The estimated fair values of all our financial instruments approximate their carrying amounts in the consolidated balance sheets. The fair value of our outstanding debt is based on a present value methodology. The outstanding principal amount of our debt, including the current portion, was $13.1 million and $13.6 million at December 31, 2023 and 2022, respectively.

(i) Revenue Recognition

We account for revenue in accordance with ASC 606, Revenue from Contracts with Customers (“ASC 606”).

For the years ended December 31, 2023, 2022 and 2021, 73%, 72% and 74%, respectively, of our revenue was earned from one collaboration partner.

In accordance with ASC 606, revenue is recognized when a customer obtains control of promised goods or services. The amount of revenue recognized reflects the consideration to which we expect to be entitled to receive in exchange for these goods and services. To achieve this core principle, we apply the following five steps:

1) Identify the contract with the customer

A contract with a customer exists when (i) the Company enters into an enforceable contract with a customer that defines each party’s rights regarding the goods or services to be transferred and identifies the related payment terms, (ii) the contract has commercial substance, and (iii) the Company determines that collection of substantially all consideration for goods and services that are transferred is probable based on the customer’s intent and ability to pay the promised consideration. The Company applies judgment in determining the customer’s intent and ability to pay, which is based on a variety of factors including the customer’s historical payment experience, or in the case of a new customer, published credit and financial information pertaining to the customer.
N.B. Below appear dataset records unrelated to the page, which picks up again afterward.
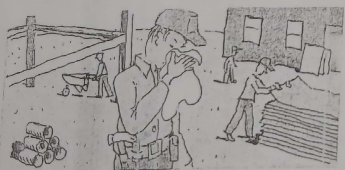
5. He should go home early.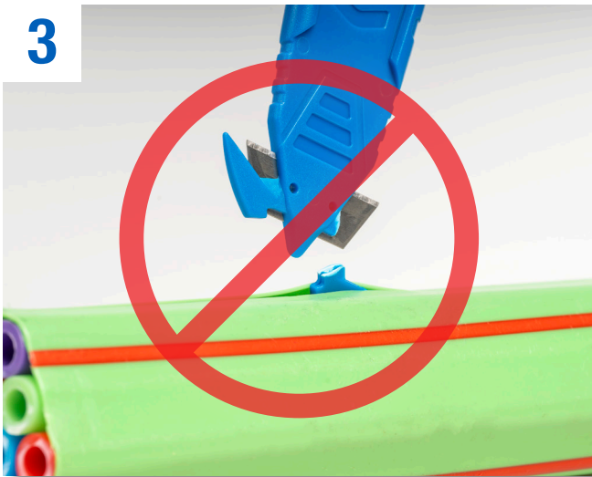
3. Do not lift up the MDS-100 while in microduct! NOTE: Keep tool handle down to reduce stress on slitting guides.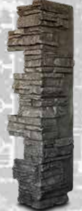
NW SS36COR-SMSL Staggered Stacked Stone Corner Smoked Slate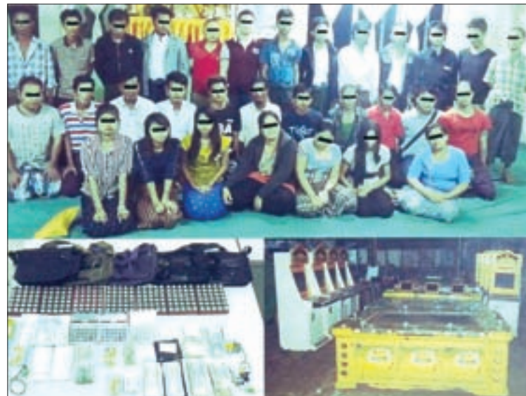
Gamblers and owner of gambling centre in Mayangone Township are seen.

THE Yangon Policed Force raided a gambling centre in Mayangone Township, Yangon, and arrested the owner, shop assistants and gamblers on Tuesday.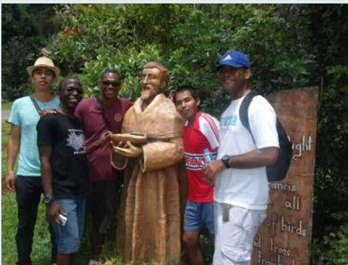
Novices with the statue of St Francis at Eden Park.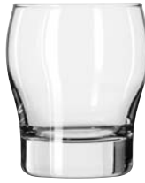
Double Old Fashioned No. 2394 ● 12 oz./35.5 cl./355 ml. H4½ T3½ B2¾ D3½ 2 doz./19# • .91 cu.ft. SCC 059048 TRAEX TR-6B □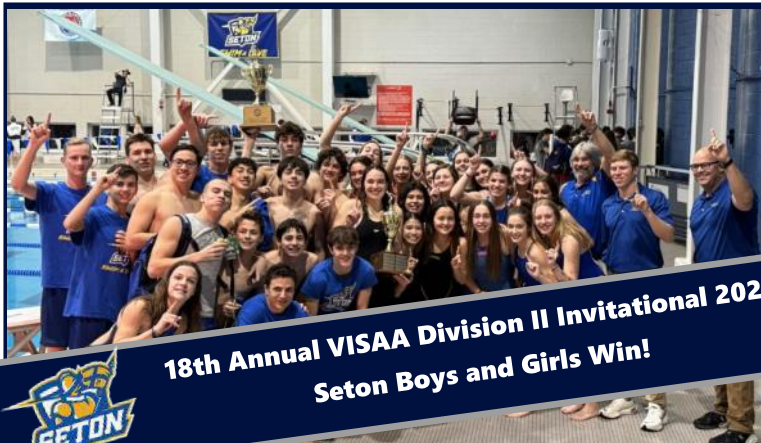
18th Annual VISA Division II Invitational 2024- Seton Boys and Girls Win!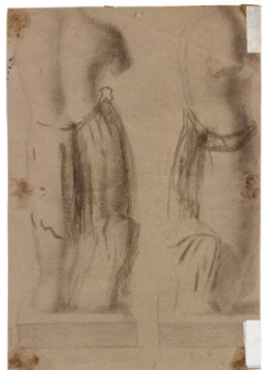
Title: Sketch of antique sculpture of figure Date: 1837 Primary Maker: Alfred Jacob Miller Medium: charcoal on paper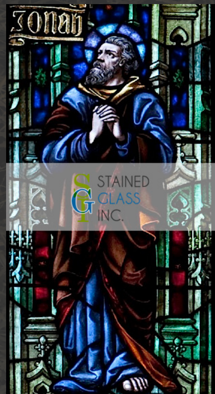
Stained Glass Window 61: Jonah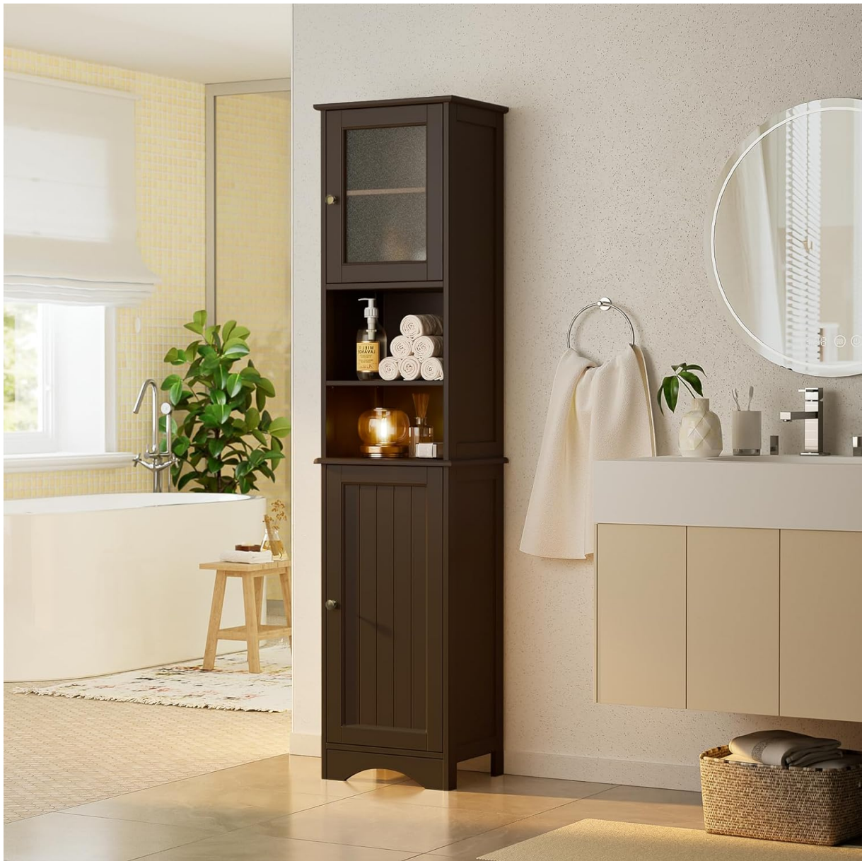
Image: The Gizoon Tall Bathroom Storage Tower positioned in a bathroom, demonstrating its functional design and storage capabilities.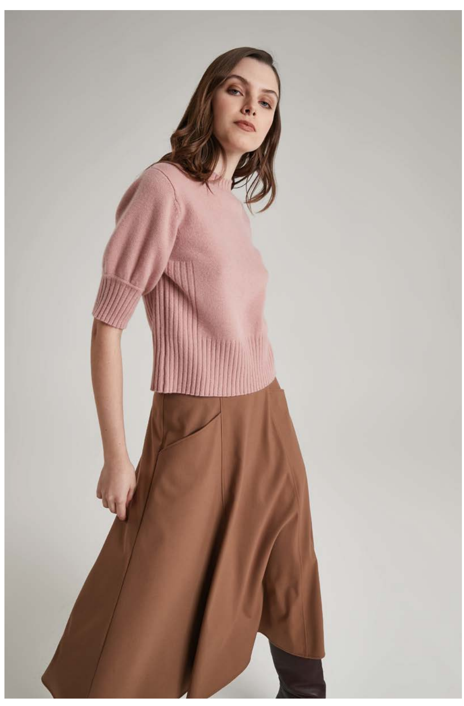
Sweater in cashmere, art. 2130 Skirt in viscose, art. 3024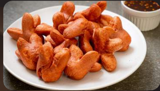
Deep Fried Sausages

beef jerky served with Thai chilli sauce.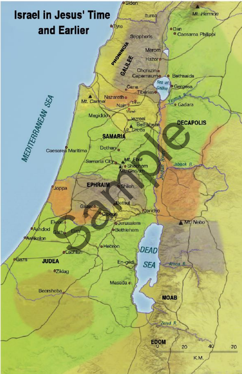
Israel in Jesus' Time and Earlier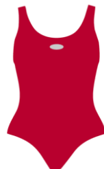
8.- swimming costume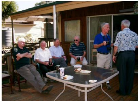
"Men's business" on the decking at the Hookey holiday house.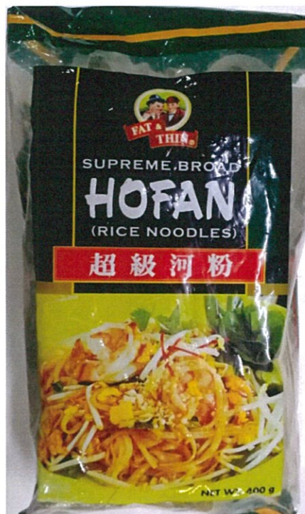
Figure 4. Unregistered FAT & THIN Supreme Broad Hofan Rice Noodles, 400g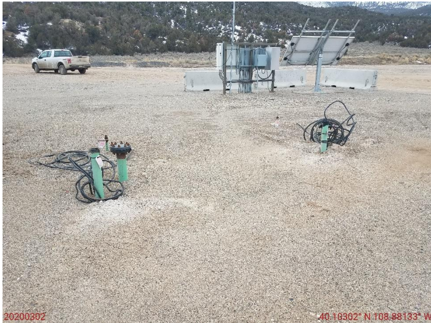
Photo 57: Photo taken from the northeast end of the Location. Photo shows 5 additional riser/pipe on Location. Equipment appears to be unused/unneeded.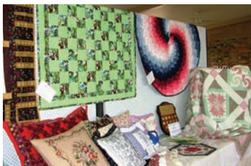
CWA Bass Exhibition

Workshops with guest authors, public readings and festivals. Monthly meetings on the second Monday, 12 noon to 4.00pm, San Remo Hotel. Please call for further information.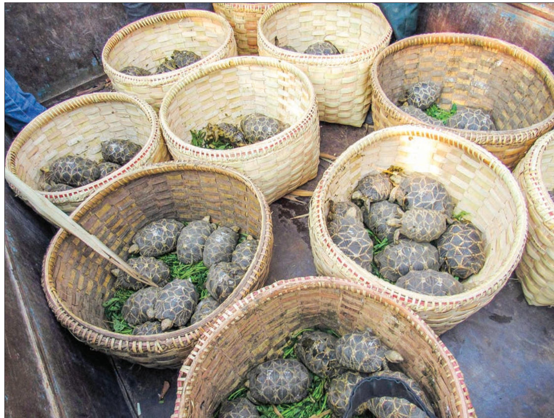
Population of star tortoises rise in Myanmar under captive-breeding programme.

This star tortoise species are country of origin. This breeding programme aims to conserve them from the brink of extinction, said U Myint Than Khaing, the deputy di-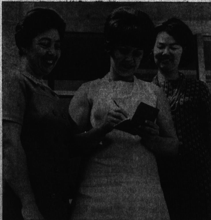
A CHECK FOR BUILDING FUND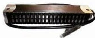
17-32 ▶ 17-35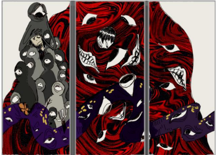
Detail from The Rebirth , a collaborative art installation by LAB teens on view along North Miami Avenue and 39th Street

LOCUST PROJECTS PRESENTS THE REBIRTH, AN 80-FT LONG PUBLIC ART PROJECT BY MIAMI TEENS PARTICIPATING IN THE 2020 ONLINE EDITION OF LOCUST ART BUILDERS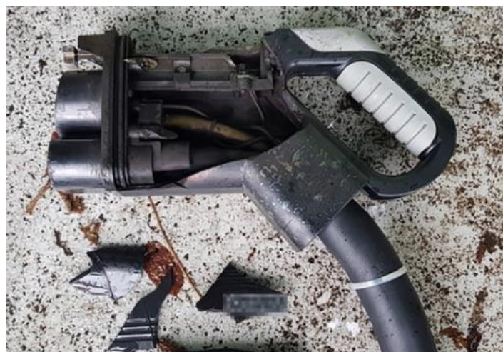
Figure 4. Exploded connector, Daegu, South Korea, 2018. The explosion was allegedly caused by a short-circuit [7].

2) Identify the performance obligations in the contract

Performance obligations promised in a contract are identified based on the goods and services that will be transferred to the customer that are both capable of being distinct, whereby the customer can benefit from the good or service either on its own or together with other available resources, and are distinct in the context of the contract, whereby the transfer of the good or service is separately identifiable from other promises in the contract. To the extent a contract includes multiple promised goods and services, the Company must apply judgment to determine whether promised goods and services are capable of being distinct and are distinct in the context of the contract. If these criteria are not met, the promised goods and services are accounted for as a combined performance obligation.

3) Determine the transaction price

The transaction price is determined based on the consideration to which the Company will be entitled in exchange for transferring goods and services to the customer. To the extent the transaction price includes variable consideration, the Company estimates the amount of variable consideration that should be included in the transaction price utilizing either the expected value method or the most likely amount method depending on the nature of the variable consideration. Variable consideration is included in the transaction price if, in the Company’s judgment, it is probable that a significant future reversal of cumulative revenue under the contract will not occur. Any estimates, including the effect of the constraint on variable consideration, are evaluated at each reporting period for any changes.

90


 

Determining the transaction price requires significant judgment, which is discussed in further detail for each of the Company’s contracts with customers in Note 15.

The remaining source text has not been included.